▶ **WHAT NEEDS TO BE DONE**:
Copy every entry below exactly, and keep out the pictures.

***** RECORD EXCERPTS

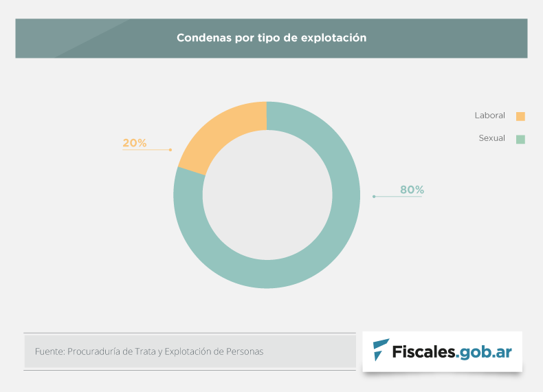 A su vez, señalaron que en 2017 fue el año en que más condenas hubo sobre todo en casos de trata de personas con fines de explotación sexual, representando el 80%, siendo muy dispar sobre las condenas por casos de  trata laboral, equivalente al 20%.
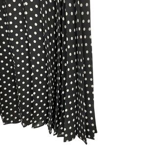 Black Max Studio skirt with white polka dots and pleats. This skirt is midi-length and features an elastic waistband. Polka dots have seen varying levels of popularity throughout history, experiencing notable peaks in the 1920s, 1940s, and 1960s, which contributes to their retro appeal. Recently, the pattern has resurfaced in popular culture, with some suggesting a correlation between celebrities wearing polka dots and pregnancy announcements.
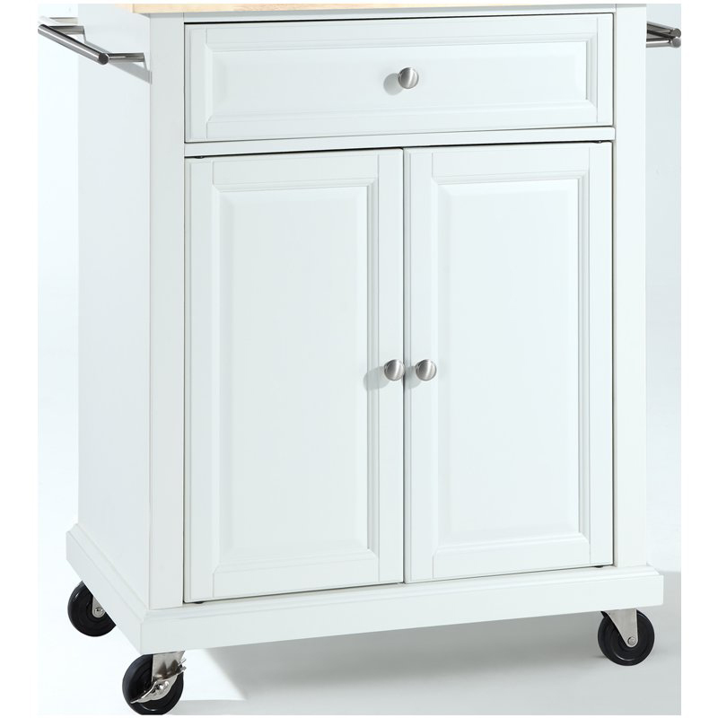 Crosley KF30021EWH Cuisine Compact 28" Kitchen Cart Island White Finish Natural Wood Top
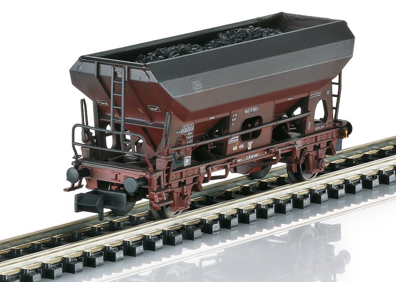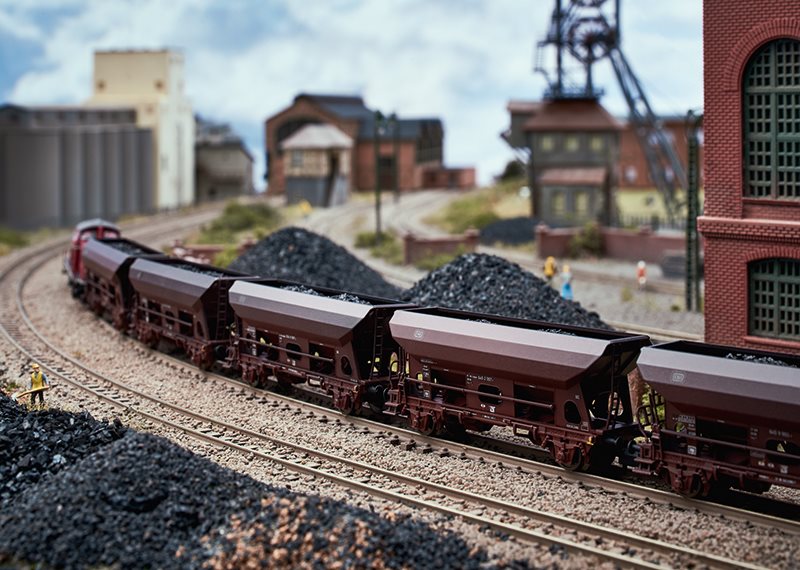 Minitrix 15536 Femvogns sidekip vognsæt belæsset med kul samt godsbygning, DB ep IV
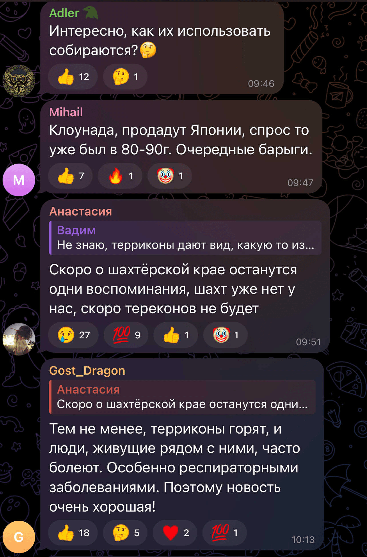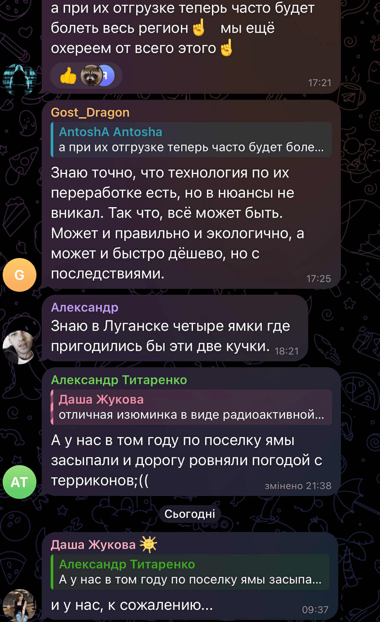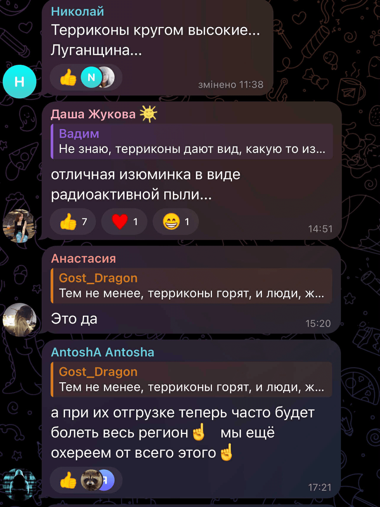 В комментариях к новости возмущаются, что оккупанты уничтожают визитные карточки украинского Донбасса и переживают, как такие действия повлияют на экологию и не будет ли угрозы воздуху, окружающей среде и людям, из-за таких «переработок».

**********

▶ **EXERCISE SOLUTION**:
 A su vez, señalaron que en 2017 fue el año en que más condenas hubo sobre todo en casos de trata de personas con fines de explotación sexual, representando el 80%, siendo muy dispar sobre las condenas por casos de  trata laboral, equivalente al 20%.
 Black Max Studio skirt with white polka dots and pleats. This skirt is midi-length and features an elastic waistband. Polka dots have seen varying levels of popularity throughout history, experiencing notable peaks in the 1920s, 1940s, and 1960s, which contributes to their retro appeal. Recently, the pattern has resurfaced in popular culture, with some suggesting a correlation between celebrities wearing polka dots and pregnancy announcements.
 Crosley KF30021EWH Cuisine Compact 28" Kitchen Cart Island White Finish Natural Wood Top
 Minitrix 15536 Femvogns sidekip vognsæt belæsset med kul samt godsbygning, DB ep IV
 В комментариях к новости возмущаются, что оккупанты уничтожают визитные карточки украинского Донбасса и переживают, как такие действия повлияют на экологию и не будет ли угрозы воздуху, окружающей среде и людям, из-за таких «переработок».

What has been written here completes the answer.